Some hopes fading for September Fed rate cut

While all but one of the 49 economists surveyed by Wolters Kluwer this month expect the Federal Open Market Committee to cut short-term rates this year, they are more pessimistic than in June about when that first cut will occur.

None now expect the first cut to occur at the July meeting, versus 9% of respondents in the June Blue Chip Economic Indicators survey.

In the most recent poll, 55% believe the FOMC will act in September, down from 64% in the June survey.

The meeting after that, in November was cited by 23% in the July survey, while December was the choice of 20%. This compared with 11% and 14% respectively in the June survey.

The survey took place on July 3 and 5.

At one point before the start of 2024, many observers were expecting the FOMC to make six cuts this year, but as inflation remained stubbornly higher than forecast, those views diminished to a single or even in some minds no cuts this year.

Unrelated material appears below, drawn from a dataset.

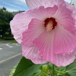 仕事場のアメリカ芙蓉が今年も咲きました🌸 直径17〜18cmはあるかな? 綺麗な花が咲いて目を惹きますね💖✨
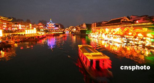 2009年1月28日晚,南京夫子廟景區(qū)燈火璀璨、景色迷人,吸引了四面八方的游人。人們看燈展、逛燈市、品小吃,領(lǐng)略新春佳節(jié)期間獨特的秦淮風(fēng)韻。

But the tide has turned in recent weeks, with the most recent Consumer Price Index report being the catalyst for more optimistic views.

While mortgages are priced in large part off of longer-term instruments such as the 10-year Treasury, that is an investor driven rate based on things like their views on the U.S. economy.

When asked in the July survey if they believed the U.S. presidential election will affect when the FOMC will act, 77% said no.

"The BCEI consensus appears to be leaning toward two 25 basis point cuts this year as it expects that the fed funds rate will decrease 45 basis points by year end," the survey report said. "This is in general agreement with the fed funds futures market which is currently pricing in the first cut in September with a second 25 basis point cut likely in December."

But another market observer had a different view on when the Fed could act.

Sticky inflation data will keep the Fed in a wait-and-see mode, a commentary from Osterweis Strategic Income Fund's Carl Kaufman, Bradley Kane, Craig Manchuck and John Sheehan said.

When the FOMC finally decides to cut, history suggests it will likely act too late, not too early, Osterweis said. It does not give a prediction on when a cut will take place.

This commentary cites the May CPI report, rather than the June report that helped drive down the 10-year Treasury yield on July 11.

On that day, the 10-year closed at 4.19%, 9 basis points from the previous close. While bouncing back up to 4.23% on July 15, it was back down to 4.17% two days later.

The May CPI data meant "the Fed will need to see at least several consecutive months of favorable inflation data before it lowers its benchmark rate," the Osterweis analysts said. "Despite the progress on the month-over-month change, the year-over-year change remained stubbornly above the Fed's 2% target at 3.3%."

The comments were made in its Third Quarter Strategic Income Outlook published on July 11.